The Australian government named Michele Bullock on Friday as the new deputy governor of the country’s central bank, the first woman in the bank’s 62-year history, for a five-year term.
Bullock is currently an assistant governor at the Reserve Bank of Australia (RBA) responsible for the bank’s financial stability and has an oversight of the payments system.
She will replace Guy Debelle, who resigned from the central bank early in March to join a green energy group founded by Australia’s richest man, billionaire miner Andrew Forrest.
The Australian dollar was in a holding pattern on Friday as markets awaited the latest reading on US jobs, while pondering the possibilities for next week’s RBA policy meeting.

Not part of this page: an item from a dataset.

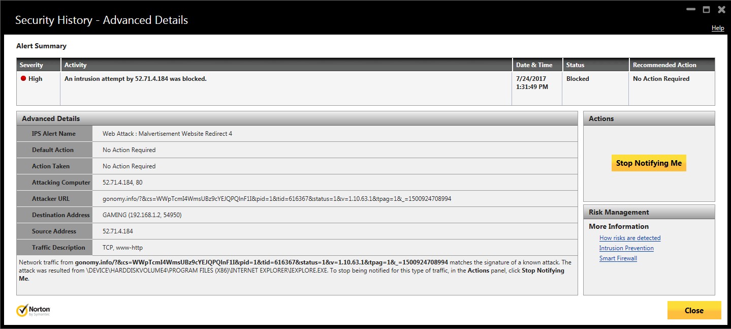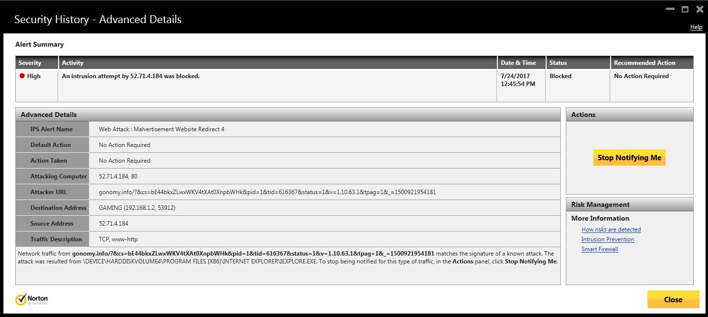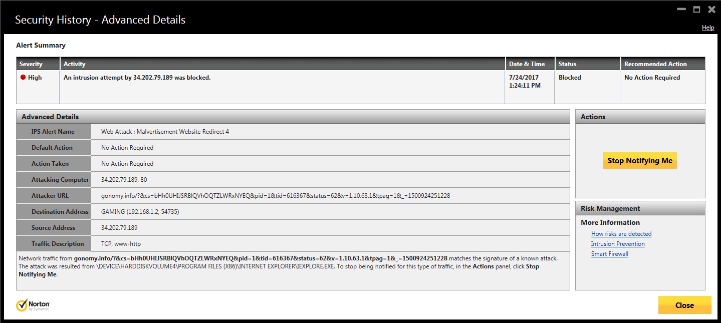Getting back to the matter at hand, I ended up having to use Internet Explorer to gather evidence for this review of the site, ever single time I loaded a new page (sometimes twice), I would get the following alert from Norton Internet Security in the bottom-right of my main monitor:
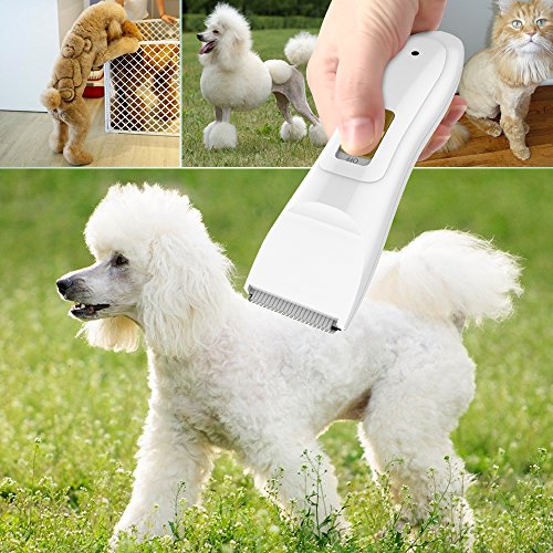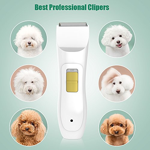 BENGOO Professional Dog Grooming Kit Cat Pet Hair Trimmer Clippers Razor Blades Rechargeable batteries Cordless Electric with Combs, Adapter, Clean Brush for Large Medium Small Animals - White

A strong reading for March payrolls, and particularly for average weekly earnings, could lift the US dollar broadly, though the market already has a huge amount of tightening priced in for the Federal Reserve.
It is also wagering that the RBA will start raising rates as soon as June, given that unemployment has fallen to 4% well ahead of forecasts, and core inflation for the first quarter looks likely to spike above 3%.
The RBA has so far vowed to be “patient” on policy and any softening of that commitment next week would only spur speculation of an early rise.
“We think the soonest the RBA will move is June,” David Plank, ANZ’s head of Australian economics, said.
“It will be starting from a level that is well below neutral and, as such, we think a number of successive monthly hikes is very likely.”